Dataset content Block Start

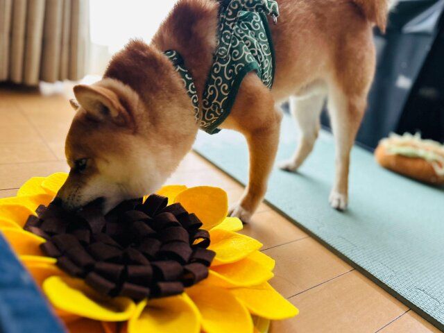 特にお気に入りなのが、ひまわり型のノーズワークマット。明るい色合いで見た目も涼しげ、そして何より、花びらの間におやつを隠すことで、嗅覚と集中力をたっぷり使える工夫になっています。
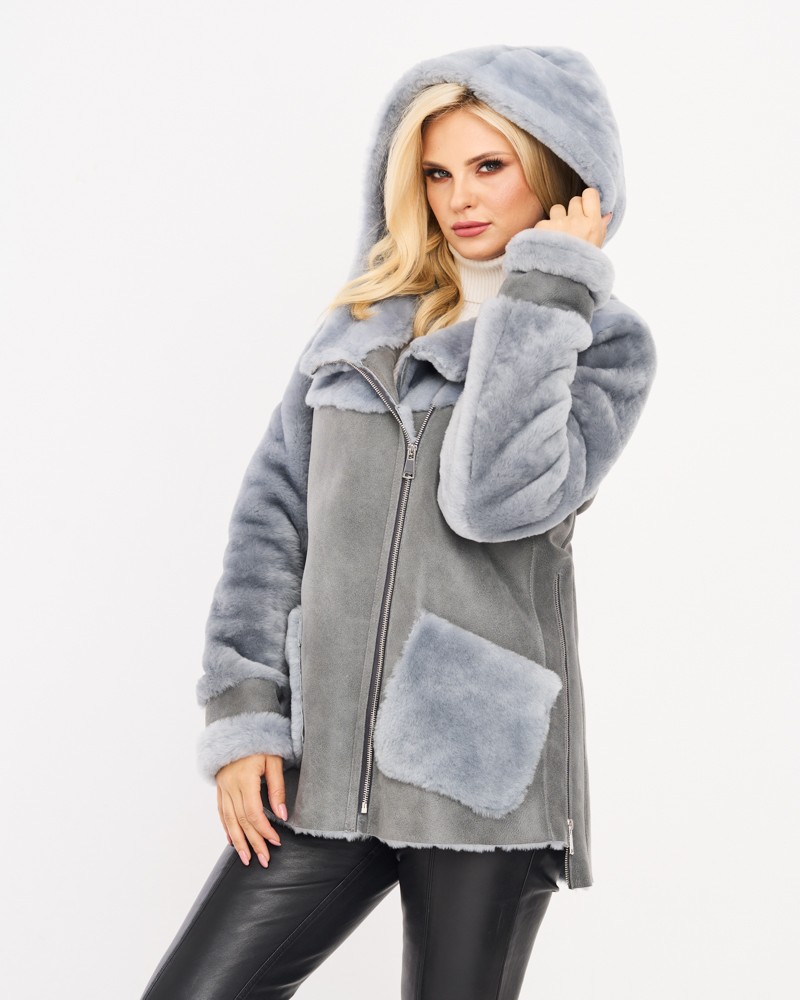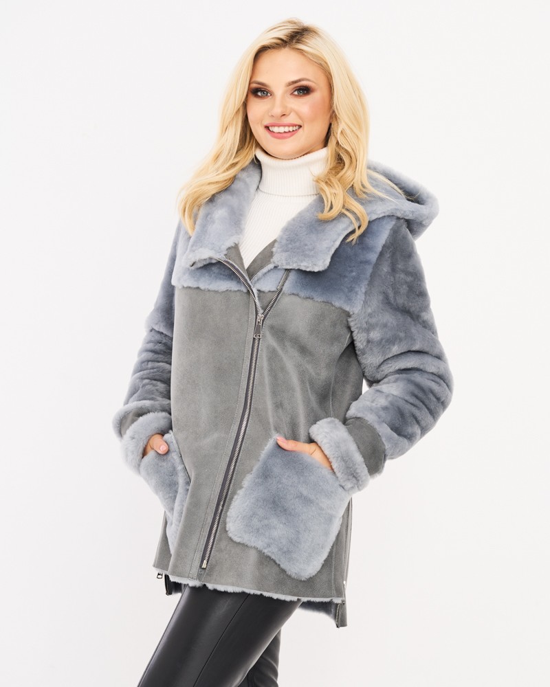 Prírodný dámsky kožuch Alexis sivý je ušitý z mimoriadne teplej a odolnej prírodnej ovčej kože, preto sa dokonale hodí na zimné obdobie. Vsadky v sivom odtieni z prírodného, na dotyk príjemného kožúška pozitívne ovplyvňujú dizajn modelu, dodávajúc mu výnimočný charakter. Kožuch má mierne asymetrickú dĺžku – zadná časť je jemne predĺžená – a končí približne v oblasti bedier. Vďaka tomu model umožní zvýrazniť tvar bokov, najmä ak ho skombinujete s viac priliehavými nohavicami.
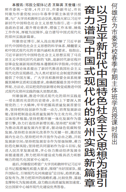 按照市委统一安排,4月27日,市委副书记、市长何雄为市委党校2023年春季学期主体班学员授课,与广大学员和教师互动交流,勉励大家以习近平新时代中国特色社会主义思想为指引,进一步铸造政治忠诚、提升理论修养、增强工作本领、锤炼工作作风、厚植为民情怀,奋力谱写中国式现代化的郑州实践新篇章。(今日《郑州日报》1版)
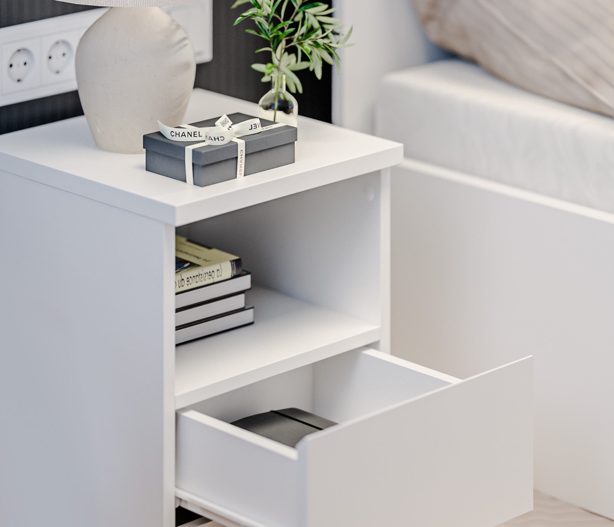 При компактных габаритных размерах – ширина 35 см, высота 44,4см и глубина 35,3 см, тумба довольно вместительная. Под столешницей расположены открытая полка и выдвижной ящик, куда можно положить планшет или книгу.

Dataset content Block End

* **Instructions to follow**: A word-for-word copy of the data, without its pictures, is what is needed.

* **Exercise response**:
 特にお気に入りなのが、ひまわり型のノーズワークマット。明るい色合いで見た目も涼しげ、そして何より、花びらの間におやつを隠すことで、嗅覚と集中力をたっぷり使える工夫になっています。
 Prírodný dámsky kožuch Alexis sivý je ušitý z mimoriadne teplej a odolnej prírodnej ovčej kože, preto sa dokonale hodí na zimné obdobie. Vsadky v sivom odtieni z prírodného, na dotyk príjemného kožúška pozitívne ovplyvňujú dizajn modelu, dodávajúc mu výnimočný charakter. Kožuch má mierne asymetrickú dĺžku – zadná časť je jemne predĺžená – a končí približne v oblasti bedier. Vďaka tomu model umožní zvýrazniť tvar bokov, najmä ak ho skombinujete s viac priliehavými nohavicami.
 按照市委统一安排,4月27日,市委副书记、市长何雄为市委党校2023年春季学期主体班学员授课,与广大学员和教师互动交流,勉励大家以习近平新时代中国特色社会主义思想为指引,进一步铸造政治忠诚、提升理论修养、增强工作本领、锤炼工作作风、厚植为民情怀,奋力谱写中国式现代化的郑州实践新篇章。(今日《郑州日报》1版)
 При компактных габаритных размерах – ширина 35 см, высота 44,4см и глубина 35,3 см, тумба довольно вместительная. Под столешницей расположены открытая полка и выдвижной ящик, куда можно положить планшет или книгу.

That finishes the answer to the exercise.